Yine de Greenly çalışmasına göre, üç Amerikan hiper ölçekleyici şimdiden yılda 200 milyon ton CO2 eşdeğeri salıyor. Karşılaştırma yapmak gerekirse, Amazon Web Services (AWS) veri merkezleri Belçika’dan (100 TWh), Microsoft Azure İsviçre’den (60 TWh) ve Google Cloud, İrlanda’dan (27 TWh) daha fazla elektrik tüketiyor.

https://teknomers.com/wp-content/uploads/2023/01/Avrupa-evlerini-isitmak-icin-yeni-bir-enerji-kaynagi-olan-veri.jpg

GAFAM’lar iş başında

Göre bir makale duvar sokak günlüğü, Avrupa, veri merkezlerinden kalan enerjinin geri kazanılmasında ön sıralarda yer almaktadır. Bu gözlemi örneklemek için, Amerikan gazetesi Eski Kıta’daki son GAFAM girişimlerini gözden geçirdi.

“Geçen yıl içinde Amazon, Apple ve Microsoft, başlıca veri merkezlerini İrlanda, Danimarka ve Finlandiya’daki bölgesel ısıtma sistemlerine bağlamaya başladı veya bağlama planlarını duyurdu. Benzer şekilde Google, Avrupa veri merkezlerindeki ısıyı geri kazanma fırsatlarını değerlendirdiğini söyledi.

Facebook’un ana şirketi Meta, çoktan daldı. 2020’den beri, Danimarka’nın Odense şehrini ısıtmak için yerel veri merkezindeki fazla ısıyı kullanıyor. Gelecek yıl yaklaşık 11.000 hanenin yararlanması bekleniyor. Apple, 2017’den beri başka bir Danimarka şehri olan Viborg ile veri merkezindeki ısının nasıl kullanılacağı konusunda çalışıyor. Bu proje 2023 yılında tamamlanmalıdır.

Dalkia ve Qarnot, iyileşmenin öncüleri

Bu alanda yenilik yapanlar sadece GAFAM’lar değil. Operatör Equinix, Helsinki’nin bölgesel ısıtma sistemine bağlandıktan sonra planlar yapıyor. yankılar, Paris bölgesindeki Saint-Denis’in su merkezini ısıtmak için. Seine-Saint-Denis bölgesindeki özellikle çok sayıdaki veri merkezini geliştirmenin bir yolu.

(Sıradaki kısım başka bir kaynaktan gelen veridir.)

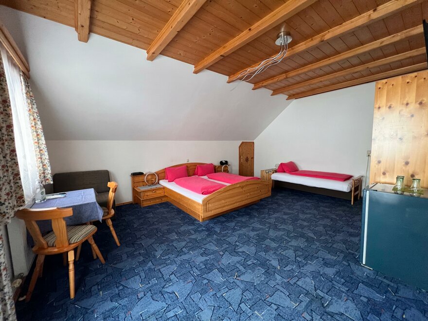 The children can experience rural life up close on our farm – chickens, cattle, sheep, and our friendly cats are waiting to be discovered. For the little ones, there is a sandy playground as well as indoor games, while the adults can relax in the spacious lounge. Our comfortable rooms with breakfast, many with splendid views, ensure restful nights.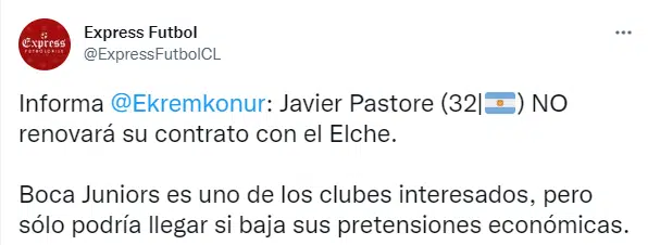 Por su parte, según contó Monserrate Hernández, periodista español que cubre al Elche para el diario AS, el ex Huracán no renovará su vínculo con su actual equipo. Recordemos que el mismo vence a fines de junio de este año y el club de la Ribera es el principal destino para Pastore en el momento posterior al fin de su contrato en el Viejo Continente.

Bu tür bir hüner aslında yeni bir şey değil. Marne-la-Vallée’deki Natixis banka veri merkezi, Val d’Europe belediyeler arası su merkezini 10 yıldır ısıtıyor. Veolia ve EDF’nin yan kuruluşu olan Dalkia tarafından başlatılan bir proje.

Qarnot, Fransa’da da bir öncüdür. 2010 yılındaki kuruluşundan bu yana, Ile-de-France girişimi, hem bilgi işlem gücü sunarken hem de ofisleri ve sosyal konutları ısıtmak için yayılan enerjiden yararlandı. Bunun için çok çeşitli bilgisayar radyatörleri ve dijital kazanlar pazarlamaktadır.

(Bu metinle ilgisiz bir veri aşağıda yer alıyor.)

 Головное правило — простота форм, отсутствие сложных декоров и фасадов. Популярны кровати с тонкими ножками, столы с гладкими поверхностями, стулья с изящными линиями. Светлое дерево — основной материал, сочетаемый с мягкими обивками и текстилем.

Avrupa yönergesi ve Fransız vergi teşvikleri

Olgu düzenleyici baskı altında hızlanabilir. Göre duvar sokak günlüğüAvrupa Birliği, operatörlerin veri merkezlerindeki fazla enerjinin kullanımına ilişkin fizibilite çalışmaları yürütmesini gerektiren bir enerji verimliliği direktifini sonuçlandıracaktı. Yeniden IsıtAB tarafından finanse edilen bir proje, halihazırda atık ısının yeniden kullanımını teşvik ediyor.

Aynı zamanda, Üye Devletler vergi teşvikleri getirmiştir. Fransa’da, “REEN yasası” olarak bilinen dijital teknolojinin çevresel ayak izini azaltmayı amaçlayan 2021-1485 yasası, TICFE (nihai elektrik tüketimine ilişkin yerel vergi) için indirimli bir oran getirdi. Eko-tasarım ve enerji verimliliği açısından iyi uygulamalara uyan veri merkezleri, 2022’den beri bundan yararlanabilir.

Kurtuluş, piyasa oyuncularının kendi kendini düzenlemesinden de gelebilir. Çoğu bulut sağlayıcı dahil olmak üzere 25 şirket ve Avrupa’nın her yerinden 17 dernek de imza attı. bir anlaşma 2030 yılına kadar AB’de veri merkezlerini iklim açısından nötr hale getirmeyi hedefliyor. %100 yenilenebilir enerji kullanımı da dahil olmak üzere, atık enerji olarak adlandırılan geri dönüşüm, bunu başarmak için alınan önlemlerin bir parçasıdır.